GPU node exposure. Training jobs frequently run with elevated permissions to access GPU devices: privileged: true, host path mounts for GPU drivers, or hostPID: true for GPU debugging tools. These permissions make the GPU node a stepping stone for container escape.

Service account token with broad permissions. Training pipelines often use a single service account that has access to the model registry, the data lake bucket, and the experiment tracking service. A vulnerability in the training framework (PyTorch, JAX, Hugging Face Trainer) or a malicious training script could use this token to exfiltrate data or access production model serving infrastructure.

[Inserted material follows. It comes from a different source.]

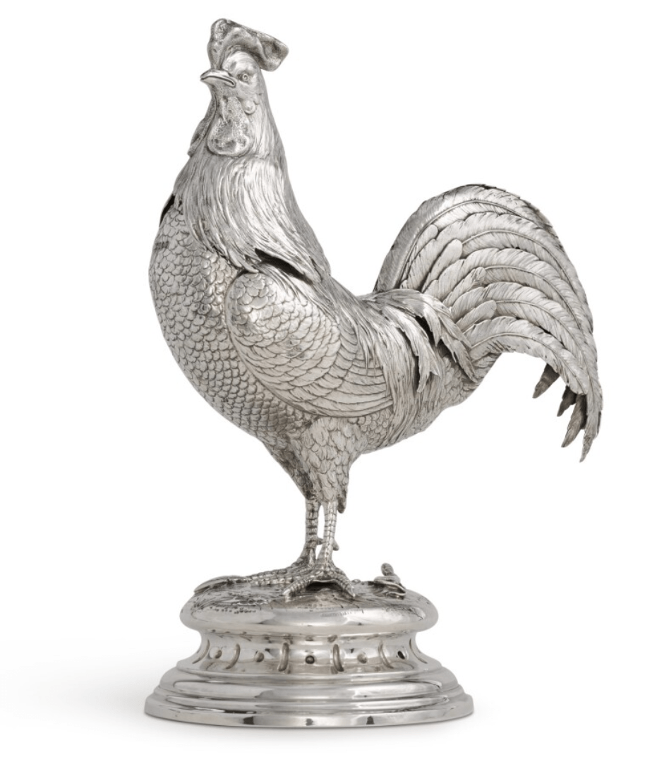 Alta 37 centimetri, la deliziosa scultura si compone di un realistico galletto lavorato finemente per dare risalto alle piume e alle zampe, oltre che alla testa dell’animale. Il galletto sovrasta un piedistallo che riproduce un prato d’erba su cui giace una piccola lucertola. Il marchio sul petto del galletto è quello dell’importatore, J.S Struck, uno dei tre registrati al London assay office il 20 ottobre 1899 dalla John George Smith & Co., società a capo della Continental Daily Parcels Express con sede a Gracechurch Street, a Londra e a Dover, nel Kent.

Shared node pool with production. When training jobs and production services share the same node pool, a container escape from a training job lands on a node that also runs production workloads. The attacker inherits access to all other pods’ volumes, network connections, and secrets mounted on that node.

The scale of AI training workloads amplifies each of these risks. A single training run may consume 32 A100 GPUs for 72 hours, processing hundreds of gigabytes of proprietary data. The value of what’s in scope during that window is substantial, and the security controls applied are often whatever was expedient to get the job running.

Target systems: Kubernetes 1.26+ clusters running AI/ML training workloads (PyTorch, JAX, TensorFlow, Hugging Face); clusters using GPU operator or NVIDIA device plugin; any environment where ML training and production services share the same cluster.


Threat Model

Adversary 1 — Compromised training script. Access level: code running inside a training job pod (malicious dependency, poisoned dataset, supply chain compromise). Objective: use the training job’s service account token to access the model registry, exfiltrate the proprietary training dataset, or pivot to production services via internal DNS.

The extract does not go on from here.